Busulfan is a potent cytotoxic drug. Early in development of the compound, in vivo experiments indicated that busulfan caused severe depression in the bone marrow. The most prevalent acute toxic effects associated with busulfan in animals are severe pancytopenia from bone marrow failure. Associated in vivo experiments show bone marrow aplasia, stromal cell damage, immunosuppression (impaired T-lymph-ocyte function), and pronounced adverse effects on reproductive glands, germ cells, and fertility in animals (lowest effective dose tested was 2 mg kg... 
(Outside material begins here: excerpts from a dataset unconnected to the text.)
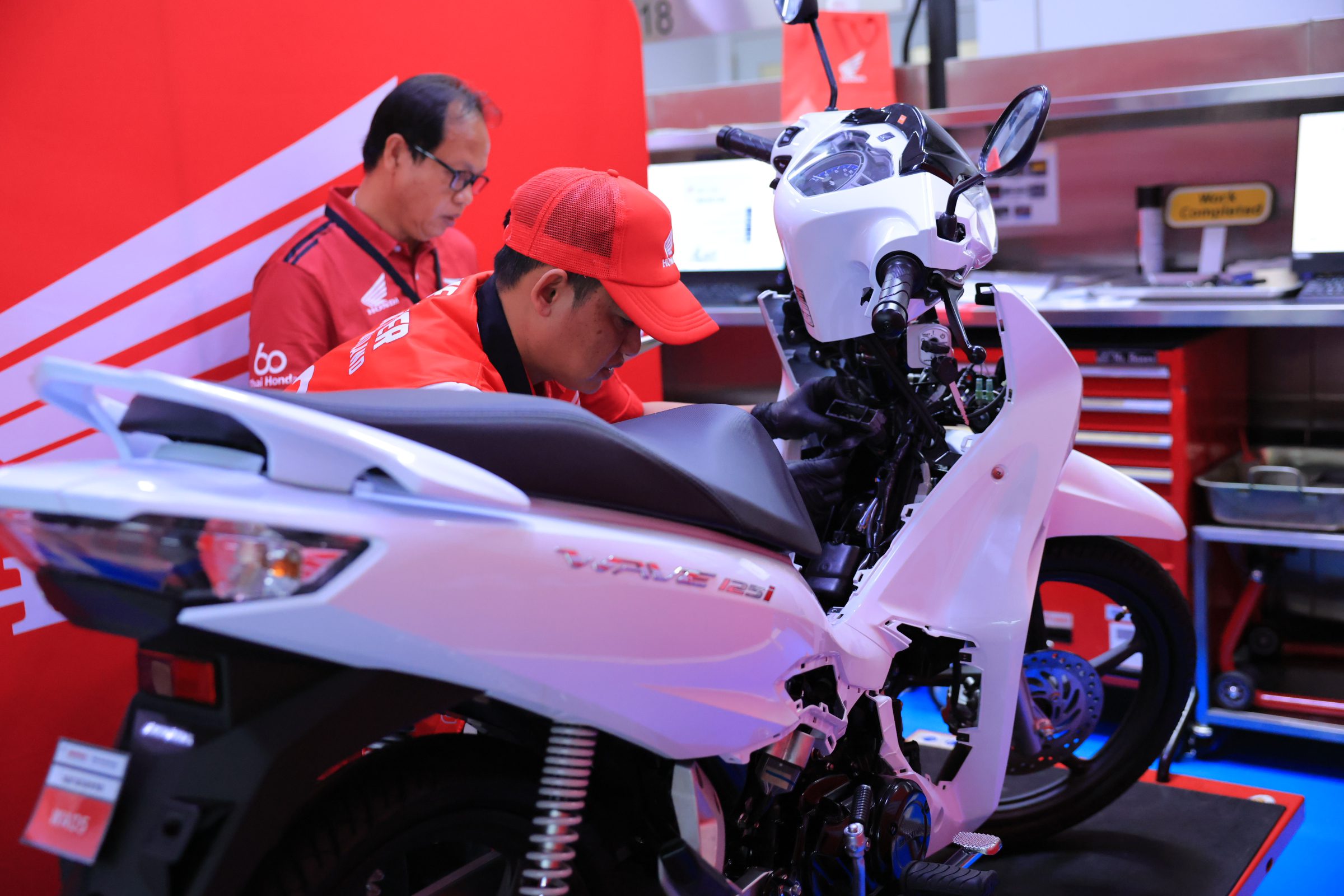 การสอบทฤษฎี : ทดสอบความรู้เกี่ยวกับระบบ SMART Engine เทคโนโลยี PGM-FI ระบบไฟฟ้า เทคโนโลยี eSP+ และมาตรฐานการซ่อมบำรุง รวมถึงการวิเคราะห์ปัญหารถจักรยานยนต์รุ่นใหม่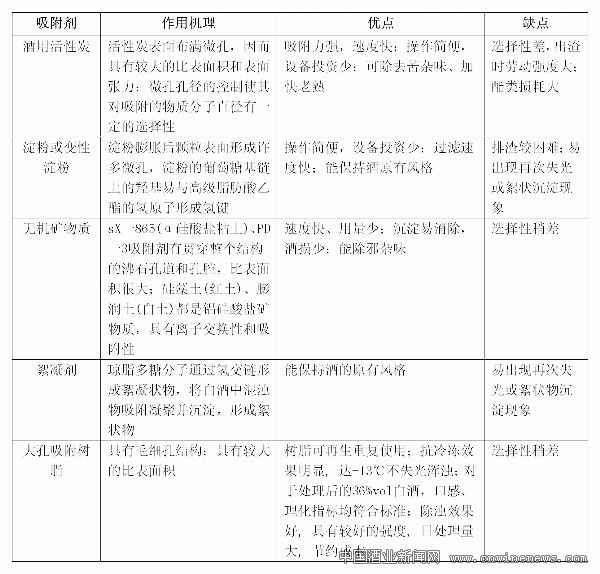 另外,降度用水的硬度對低度白酒渾濁也會產(chǎn)生很大的影響,生產(chǎn)時一定要使用硬度小于100mg/L,Ca、Mg含量低的加漿用水。做好了以上兩點,剩下的就要從過濾工藝的設計上去除渾濁的因素。主要的處理方法比較見表1。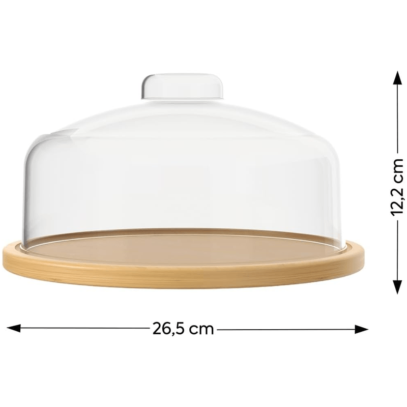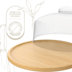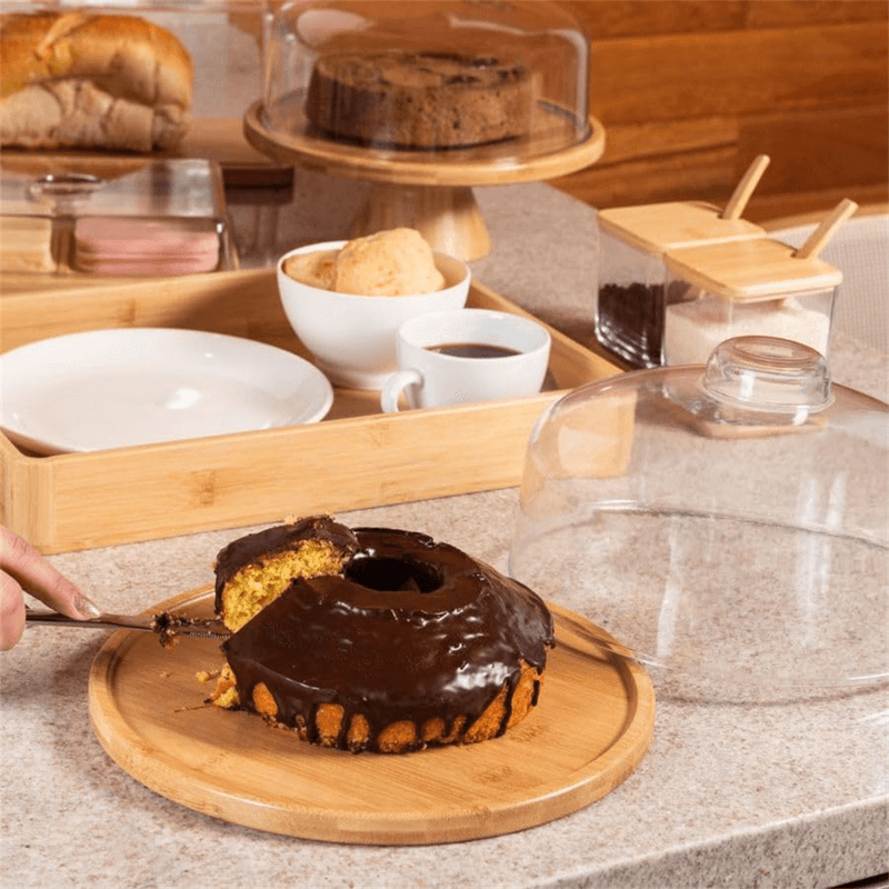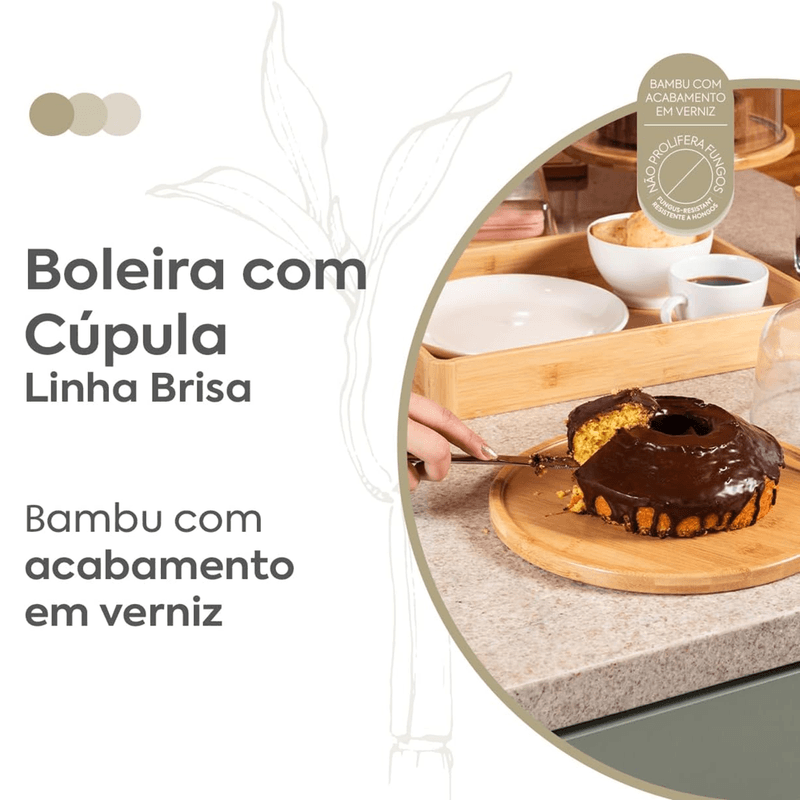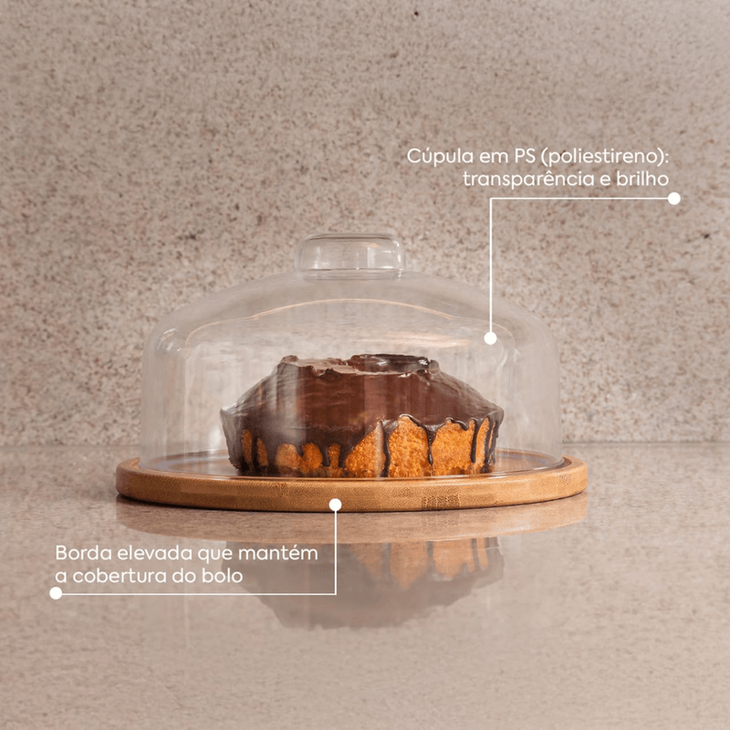 A Boleira Prato Brisa Coza une design sofisticado e sustentabilidade para valorizar a apresentação de bolos, tortas e pães. Com prato em bambu natural e cúpula transparente, oferece proteção ao alimento sem perder a elegância à mesa.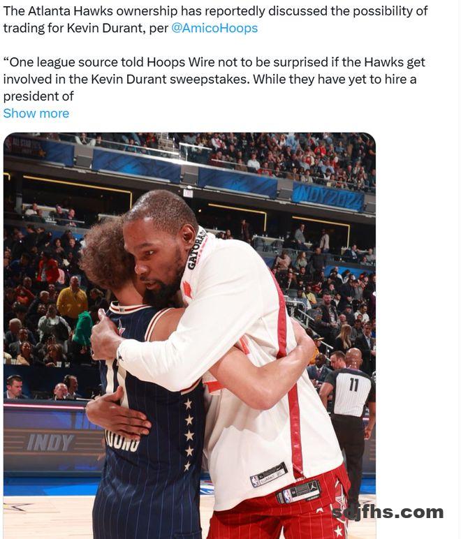 消息人士说:“如果老鹰队参与凯文·杜兰特的争夺战,不要感到意外。尽管他们尚未聘请篮球运营总裁,但球队管理层内部已经就杜兰特的情况进行了询问”。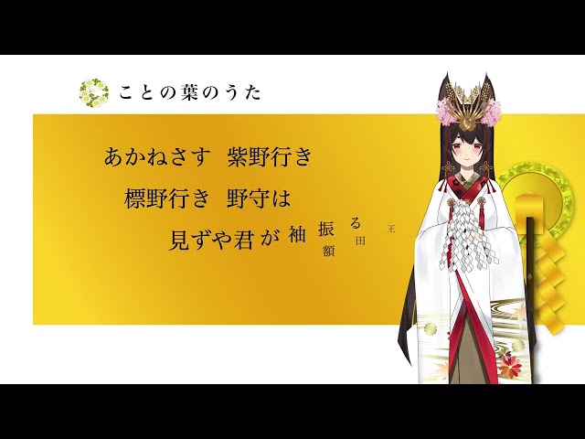 あかねさす 紫野行き 標野行き 野守は 見ずや君が袖振る 額田王 ( ぬかたのおおきみ ) [ 首の意味 ] 首の意は、お慕わしいあなたが紫草の群生する蒲生のこの御料地をあちこちとお歩きになって、…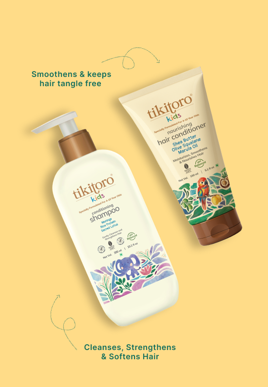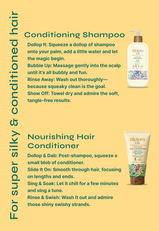 Knots and frizz, meet your match. The Tikitoro Kids Cleanse & Condition Duo is a 2-step routine for silky, happy hair. The Kids Conditioning Shampoo cleans gently while strengthening every strand, and the Kids Hair Conditioner hydrates, detangles, and tames frizz with a creamy, caramel-popcorn-scented finish. Together, they make hair care simple, safe, and swish-ready.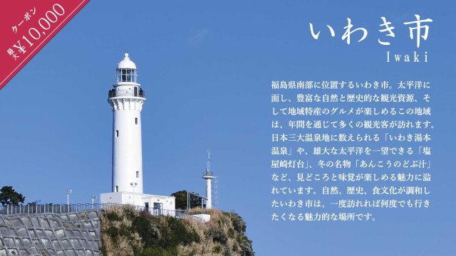 【福島県いわき市】で使える♪最大10,000円引きふるさとお得クーポン配布中!!

The difficulty in determining dose delivered with oral administration of high-dose busulfan in preparative regimens for hematopoietic stem cell transplantation results in lethal toxicity due to overdosing and increased potential for relapse with recurrent disease. Oral pharmacokinetic studies ineffectively determine proper AUC for reliable establishment for a proper therapeutic dose. Studies with IV formulations have demonstrated that all patients are evaluable. With the development of a limited sampling strategy to analyze proper AUC over intermittent time periods, improved patient risk profiles for busulfan have been implemented in clinical practice. 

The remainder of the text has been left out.